By Alex, Alibaba Cloud Community Blog author.
This tutorial explores how you can implement an object detection method that relies on deep neural networks on Alibaba Cloud. This kind of method employs the Single Shot MultiBox Detector (SSD) technique based on the paper by Wei, et. al published on Cornel State Library website. The SSD technique functions by discretizing bounding boxes in the output space to a "a set of default boxes with varying aspect ratios and scales" on the feature map location.
The SSD model's network generates scores for each object's presence in the default boxes while making predictions. Thereafter, the model makes adjustments to the respective boxes until the object shape matches.
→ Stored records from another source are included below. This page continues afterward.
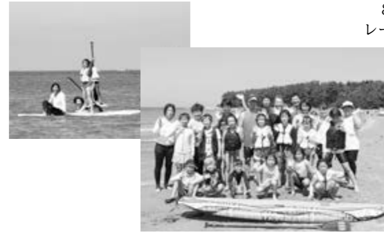
SUP体験した藤岡EASTの子どもたち

8月3日、長手島(羽咋市柴垣町)付近で、バレーボール交流会のために羽咋市を訪れていた藤岡市のジュニアバレーボールチーム藤岡EASTの子どもたちが、ボードの上に立ち、パドルを漕いで水面を進んでいくマリナクティビティ「SUP」の体験をしました。SUP体験の指導を行ったのは、長手島を活用した観光活性化と社会教育に取り組む市民団体「長手島」。「藤岡の近くには海がないので、とても楽しい」と子どもも大人も大はしゃぎの半日となりました。
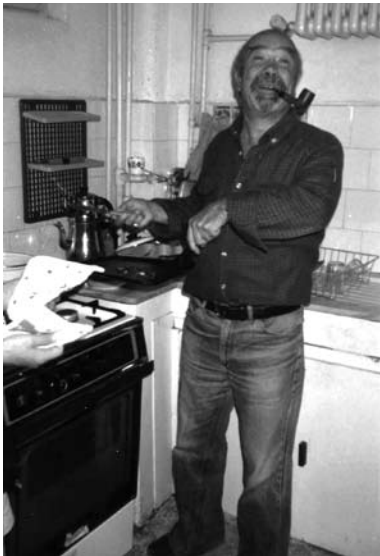
*Prof. Dr., ODTÜ Metalurji Mühendisliği Bölümü.
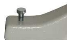
vite di livello
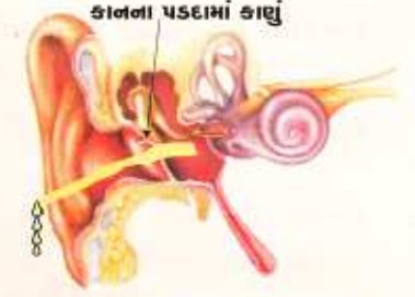
કાનમાંથી નીકળતો પાક
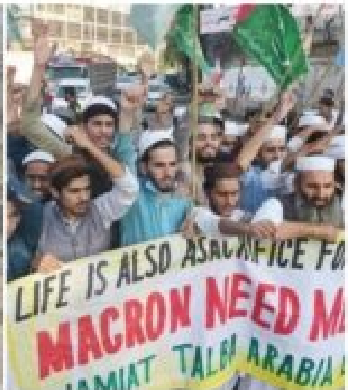
Pakistan Civil War 2021. What is going on in France right now?
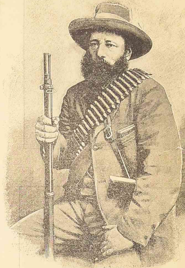
Генераль Кронзе въ походномъ костюмѣ. (Съ послѣдняго сраженія).
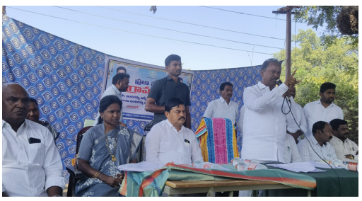
గ్రామసభలో మాట్లాడుతున్న ఎమ్మెల్యే గండ్ల

అక్షర దర్బార్, శాయంపేట : భూమిలేని నిరుపేదలను గుర్తించాలని భూపాలపల్లి ఎమ్మెల్యే గండ్ల సత్యనారాయణ రావు అన్నారు. మంగళవారం మండలంలోని మాందారి పేట గ్రామంలో నిర్వహించిన గ్రామసభకు ఆయన ముఖ్యఅతిథిగా హాజరై మాట్లాడారు. రాష్ట్ర ప్రభుత్వం నాలుగు పథకాల అమలు కోసం ఈ నెల 16 నుంచి 20 వరకు దరఖాస్తులు స్వీకరించి 21 నుంచి 24 వరకు అన్ని గ్రామాల్లో గ్రామసభలను నిర్వహించి అర్హులను ఎంపిక చేయనున్నట్లు తెలిపారు. ఇందిరమ్మ అత్యయ భరోసా కింద భూమిలేని నిరుపేదలు జాబ్ కార్డు ఉన్నవారందరికీ నెలకు రూ.1000 చొప్పున సంవత్సరానికి రూ.12 వేలు అందజేస్తున్నట్లు తెలిపారు. అర్హులు ఎవరైనా పేరు రాకుంటే గ్రామసభలో దరఖాస్తు చేసుకోవాలన్నారు. కార్యక్రమంలో కాంగ్రెస్ మండల
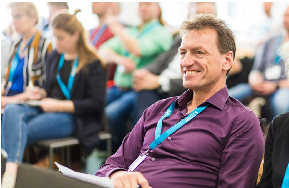
Het Lakenplein als succesvol praktijkvoorbeeld, daar word je blij van!
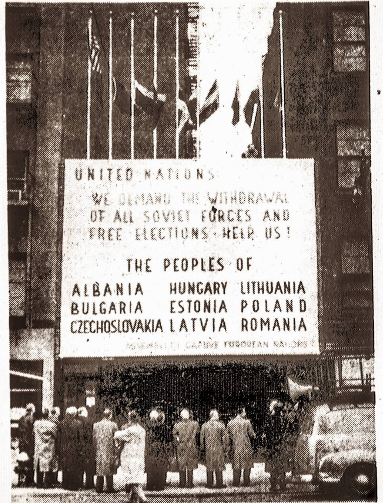
PJT rūmai New Yorke.

Daug padrašinančių žodžių pasakė ir sen. Humphrey, pažymėdamas, kad istorija yra Jungtinėms Valstybėms uždėjusi di-
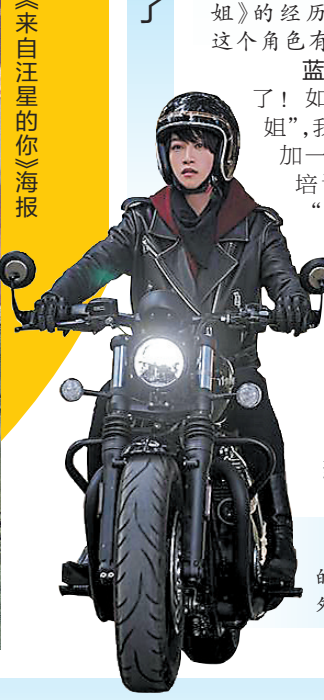
《来自汪星的你》海报
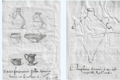
Vestiges archéologiques trouvés à Laroque, dessins de R. Durat.

Raymond Durat, natif de Quinsac, propriétaire terrien, fut maire de Laroque en 1869-1870. Il a beaucoup écrit et dessiné sur son village. Voici quelques-uns de ses dessins : la maison noble de Gravey et de nombreux vestiges archéologiques. Sur l'emplacement de l'ancien château féodal, il avait fait construire une « villa moderne » les seuls restes visibles sont les balustres et le moulin.

For handling objects of different sizes, the network uses multiple feature maps with different resolutions to come up with predictions of varying resolutions.
The SSD model is relatively simple. The model does not require proposal generation as it eliminates the need for object proposals. In effect, image or pixel resampling is the entire computation required for a single network. SSD is very easy to train and integrate for systems that require a detection component.
The previous tutorial in the series already discussed how to install MXNet and its dependencies. With this tutorial let's understand how to deploy and train an MXNet model using an open-source project.
The following are the essential requirements for this tutorial:
To get started with this model, get the latest Docker image using the command below.
docker pull daviddocker78/mxnet-ssd:gpu_0.12.0_cuda9
Refer to the Docker section below for a more comprehensive description.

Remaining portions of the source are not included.